*REQUIRED ACTION*: Restate the listing below word for word, pictures excluded.
-------- RECORDED DATA --------
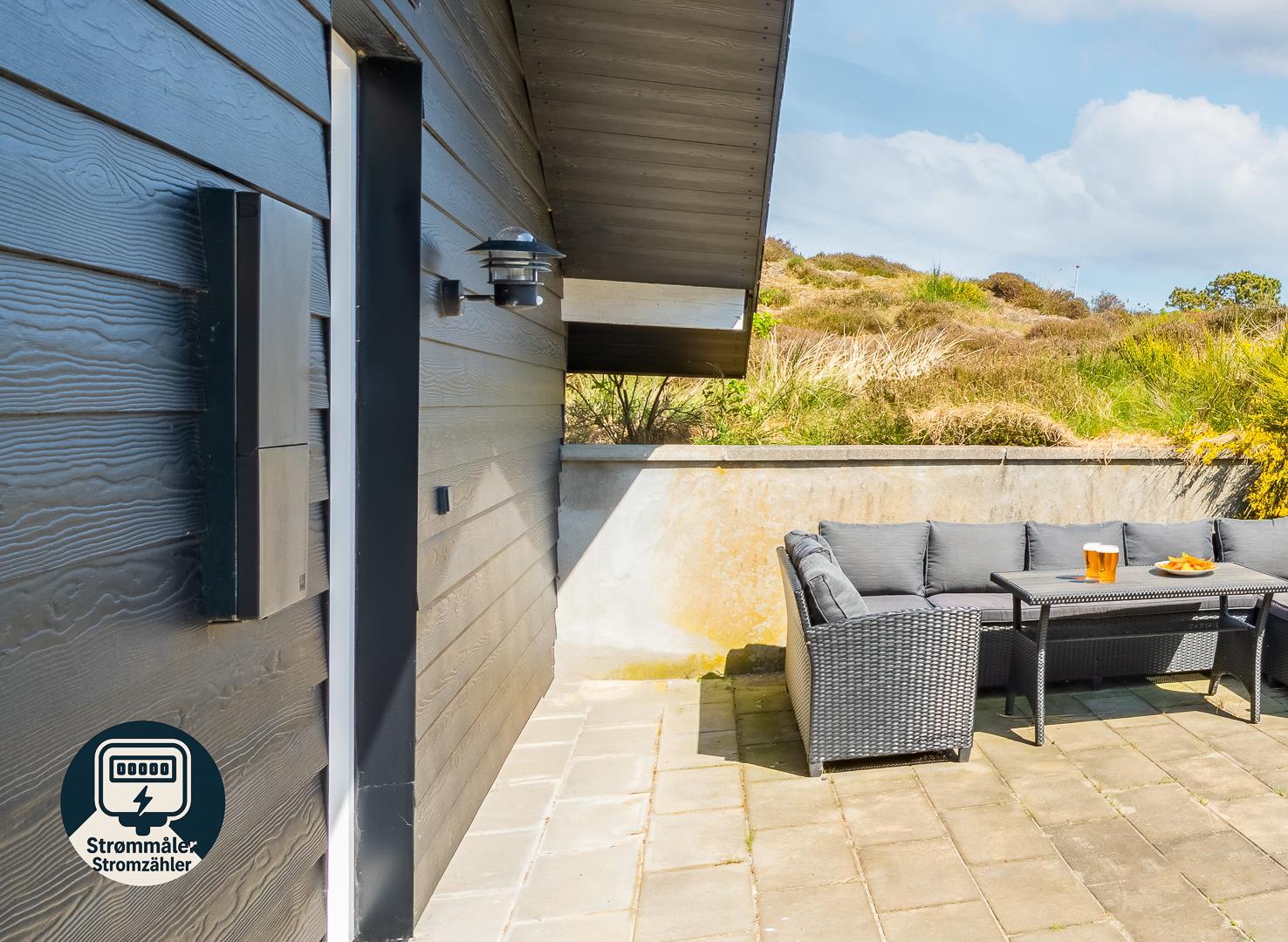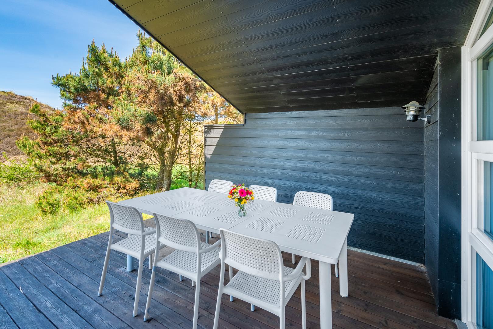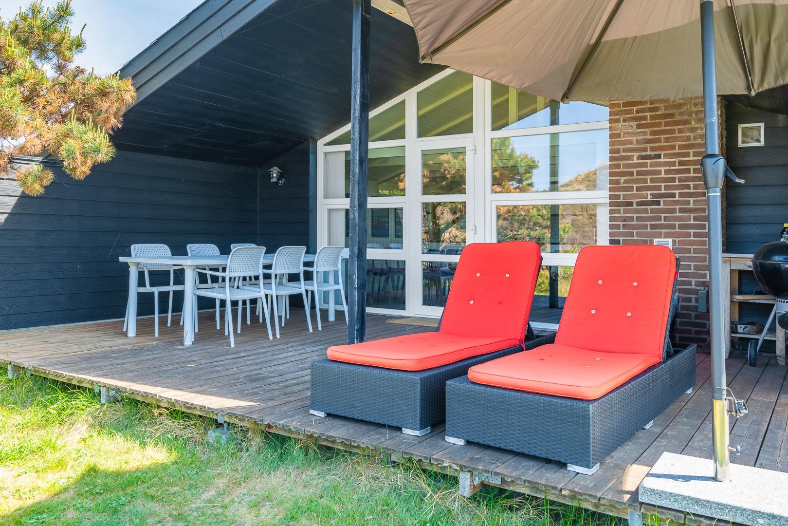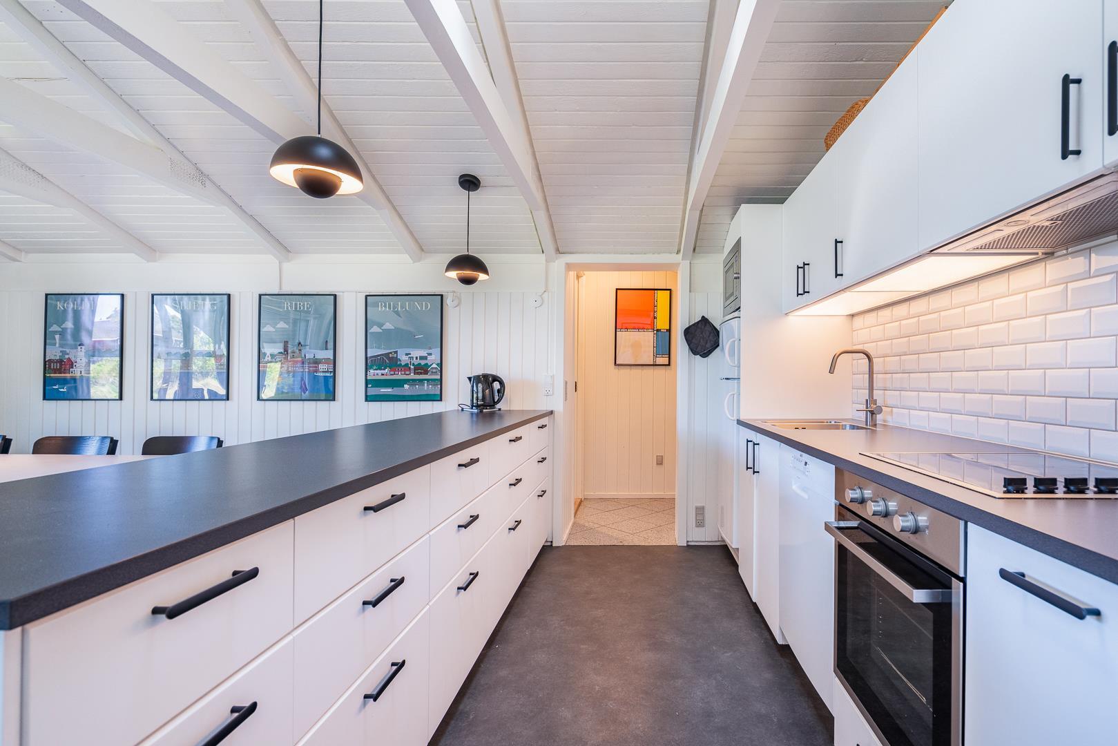 Hjelmevej 55 B, Henne Strand er hyggeligt feriehus med plads til 6 personer, er løbende blevet renoveret. Her er over alt lyse lofter og vægge, og et dejligt lysindfald i stuen. I opholdsstuen sørger brændeovnen for den rigtige hygge i en kold tid. Husets stue er smagfuld indrettet med komfortable kvalitets møbler.
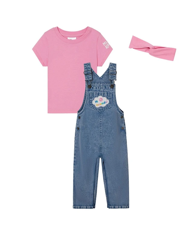 Ms. Rachel Baby Girls Denim Square Neck Vintage Wash Cosplay Overall, T-Shirt and Headband 3 Piece Outfit Set
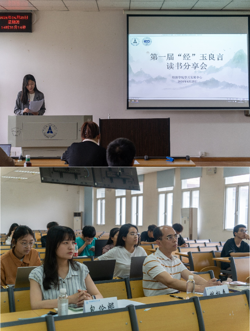 (学生记者 刘怡彤 何胤良 摄影 何胤良)为激发学生阅读兴趣,倡导师生共同探讨书中智慧,进一步推动学校学风建设工作,助力打造书香校园,2024年4月25日下午,经济学院学习发展中心于首义校区文润303顺利举办第一届 “经”玉良言读书分享会,邀请同学们共读一本书,各抒不同思。本次活动邀请了半岛线上平台硕士生导师林相森副教授担任主讲老师,经济学院2023级本科生辅导员包伦娜老师出席活动,中南财经政法大学各学院学生代表到场观看。
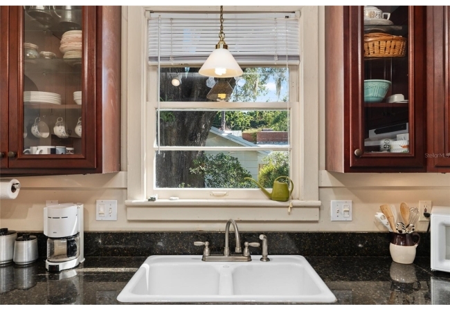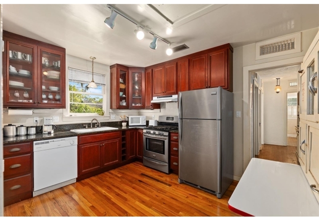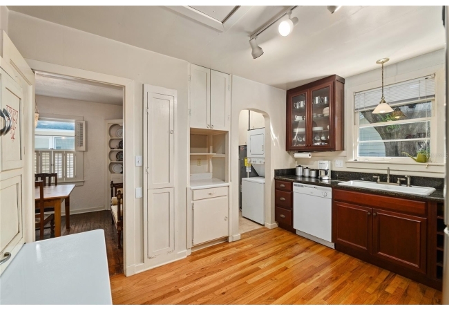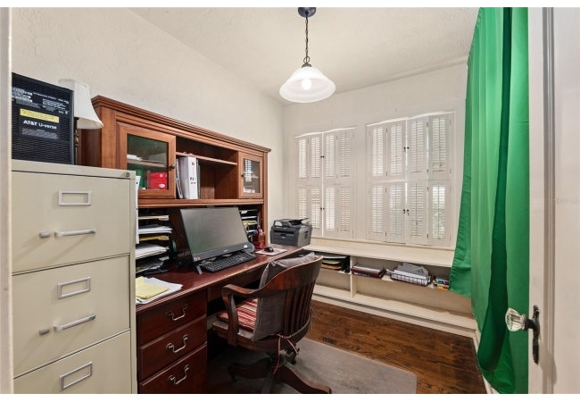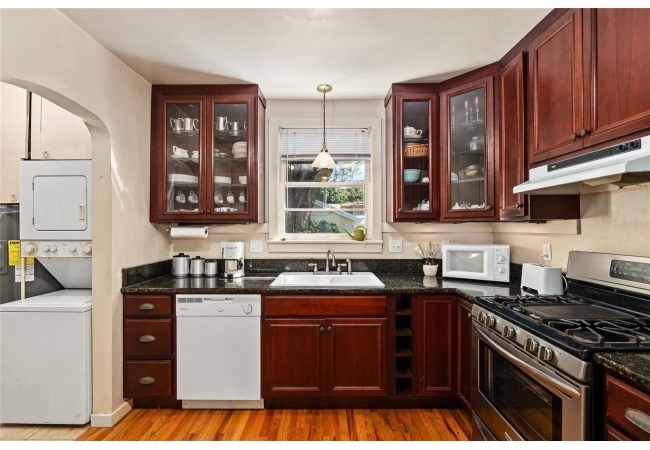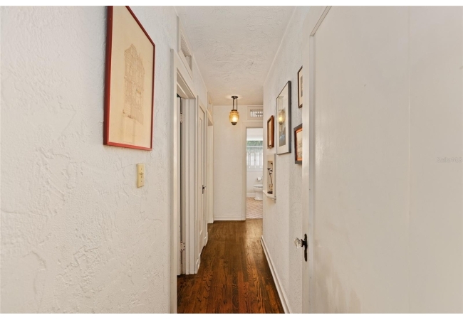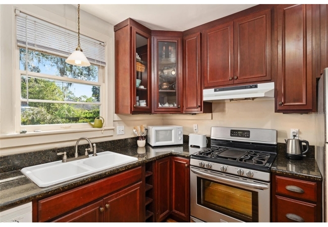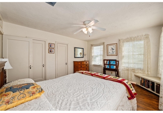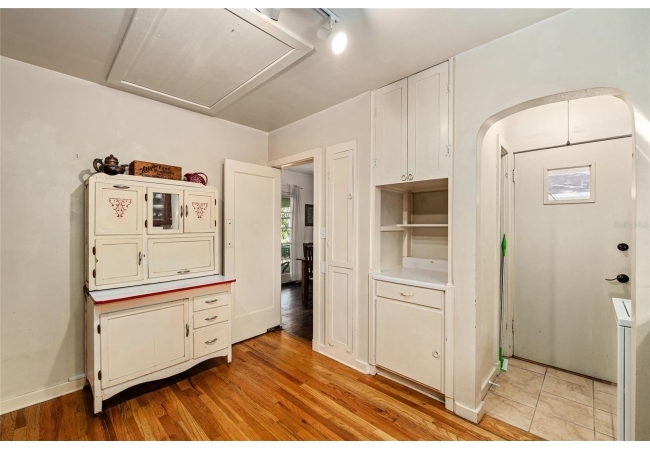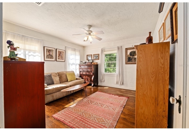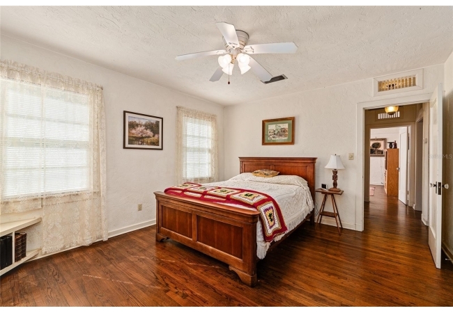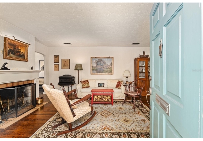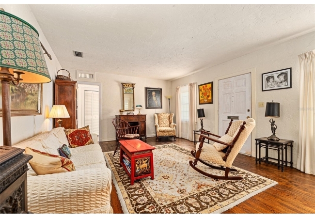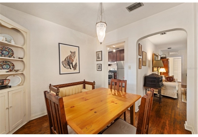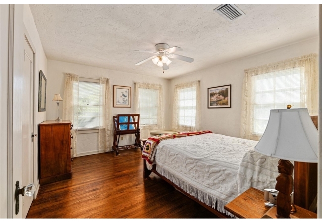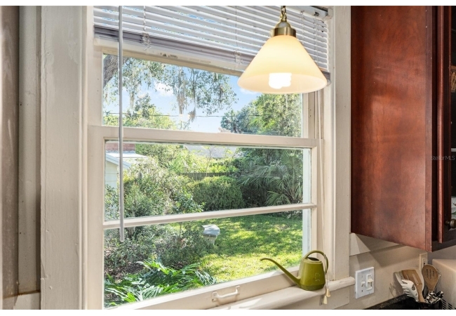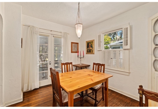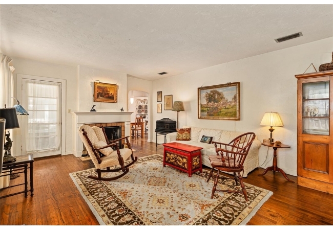 This Gainesville historical home, The Laird House, constructed by M Parrish, Jr., was originally built and sold to two sisters who wished to live next door to each other. As a result, in 1939, this charming cottage was constructed for approximately $5,000. Fast forward to 2017, this historic home was a subject of the notable City tour of homes featuring those built between 1881 to 1949, suggesting its significance to the City of Gainesville. Now is your opportunity to live in this historic home in the south-after Duckpond neighborhood. Through the years, the home was updated with the creation of an alcove and the then-new kitchen, insulation, wiring, and a detached 2-car garage, which is currently configured for a one car and a large workshop. The kitchen was remodeled in 2006, with various appliances replaced since then. More recent improvements include a 2025 garage roof, a 2023 main home roof, a 2025 water heater, and the piping into the walls of the kitchen, water heater, laundry alcove and bathroom have been replaced. A clean 4-point inspection for home owner’s insurance is available. Since the original homes’ family members lived side-by side, the house shares a driveway with the neighbor on the left. The shared driveway provides access to the detached 2-car garage, and to the side entry kitchen door, affording quick access to the house. The front of the home has a charming curbed step front entrance with iron front porch railings. Next to the front door is the Historic Gainesville Inc.’s plaque commemorating the Laird House establishment in 1939. Once inside, you are greeted with the home’s family room and its charming original wood floors. With its west-facing windows, this room is light and bright. On the left side of the room is the wood burning fireplace, and next to it, is the French door that opens onto the two-sided front screened porch. Walk through the family room, past the fireplace in to the separate dining space, which connects directly into the kitchen. Between the kitchen and the side entry door is the stacked washer and dryer, a small closet, and the new water heater. The front right corner of the home is the guest room, with the primary bedroom located in the back-right corner of the home. Both bedrooms share a full hallway bath with original tile flooring, double door cabinets for linen and bath storage, and a tub/shower combination. Next to the bath is the primary bedroom complete with four windows which overlook the rear and side yards. Next to the primary bedroom toward the kitchen, is a smaller room, which could be a 3rd bedroom, nursery, playroom or home office. The hallway connecting the kitchen the bedrooms and bath has two closets for additional storage. This .20-acre lot offers plenty of space for fun and play, while offering backyard privacy with its mature landscaping. If you’re looking to reduce your driving time, this Duckpond home is less than 6 minutes by car from downtown Gainesville, where you will find restaurants, the Courthouse, the city library, the Hippodrome and night lift. If you are a frequent commuter or avid traveler, the Gainesville airport is just 9 minutes away. Travel to UF Health, or to UF’s campus or stadiums, in the same amount of time. Lined with mature trees scattered in between 19th and early 20th century homes, the Duckpond offers an established community with sidewalks and charm throughout the neighborhood, all within the true heart of Gainesville.
--------
*RESULT OF THIS EXERCISE*:
 Hjelmevej 55 B, Henne Strand er hyggeligt feriehus med plads til 6 personer, er løbende blevet renoveret. Her er over alt lyse lofter og vægge, og et dejligt lysindfald i stuen. I opholdsstuen sørger brændeovnen for den rigtige hygge i en kold tid. Husets stue er smagfuld indrettet med komfortable kvalitets møbler.
 Ms. Rachel Baby Girls Denim Square Neck Vintage Wash Cosplay Overall, T-Shirt and Headband 3 Piece Outfit Set
 (学生记者 刘怡彤 何胤良 摄影 何胤良)为激发学生阅读兴趣,倡导师生共同探讨书中智慧,进一步推动学校学风建设工作,助力打造书香校园,2024年4月25日下午,经济学院学习发展中心于首义校区文润303顺利举办第一届 “经”玉良言读书分享会,邀请同学们共读一本书,各抒不同思。本次活动邀请了半岛线上平台硕士生导师林相森副教授担任主讲老师,经济学院2023级本科生辅导员包伦娜老师出席活动,中南财经政法大学各学院学生代表到场观看。
 This Gainesville historical home, The Laird House, constructed by M Parrish, Jr., was originally built and sold to two sisters who wished to live next door to each other. As a result, in 1939, this charming cottage was constructed for approximately $5,000. Fast forward to 2017, this historic home was a subject of the notable City tour of homes featuring those built between 1881 to 1949, suggesting its significance to the City of Gainesville. Now is your opportunity to live in this historic home in the south-after Duckpond neighborhood. Through the years, the home was updated with the creation of an alcove and the then-new kitchen, insulation, wiring, and a detached 2-car garage, which is currently configured for a one car and a large workshop. The kitchen was remodeled in 2006, with various appliances replaced since then. More recent improvements include a 2025 garage roof, a 2023 main home roof, a 2025 water heater, and the piping into the walls of the kitchen, water heater, laundry alcove and bathroom have been replaced. A clean 4-point inspection for home owner’s insurance is available. Since the original homes’ family members lived side-by side, the house shares a driveway with the neighbor on the left. The shared driveway provides access to the detached 2-car garage, and to the side entry kitchen door, affording quick access to the house. The front of the home has a charming curbed step front entrance with iron front porch railings. Next to the front door is the Historic Gainesville Inc.’s plaque commemorating the Laird House establishment in 1939. Once inside, you are greeted with the home’s family room and its charming original wood floors. With its west-facing windows, this room is light and bright. On the left side of the room is the wood burning fireplace, and next to it, is the French door that opens onto the two-sided front screened porch. Walk through the family room, past the fireplace in to the separate dining space, which connects directly into the kitchen. Between the kitchen and the side entry door is the stacked washer and dryer, a small closet, and the new water heater. The front right corner of the home is the guest room, with the primary bedroom located in the back-right corner of the home. Both bedrooms share a full hallway bath with original tile flooring, double door cabinets for linen and bath storage, and a tub/shower combination. Next to the bath is the primary bedroom complete with four windows which overlook the rear and side yards. Next to the primary bedroom toward the kitchen, is a smaller room, which could be a 3rd bedroom, nursery, playroom or home office. The hallway connecting the kitchen the bedrooms and bath has two closets for additional storage. This .20-acre lot offers plenty of space for fun and play, while offering backyard privacy with its mature landscaping. If you’re looking to reduce your driving time, this Duckpond home is less than 6 minutes by car from downtown Gainesville, where you will find restaurants, the Courthouse, the city library, the Hippodrome and night lift. If you are a frequent commuter or avid traveler, the Gainesville airport is just 9 minutes away. Travel to UF Health, or to UF’s campus or stadiums, in the same amount of time. Lined with mature trees scattered in between 19th and early 20th century homes, the Duckpond offers an established community with sidewalks and charm throughout the neighborhood, all within the true heart of Gainesville.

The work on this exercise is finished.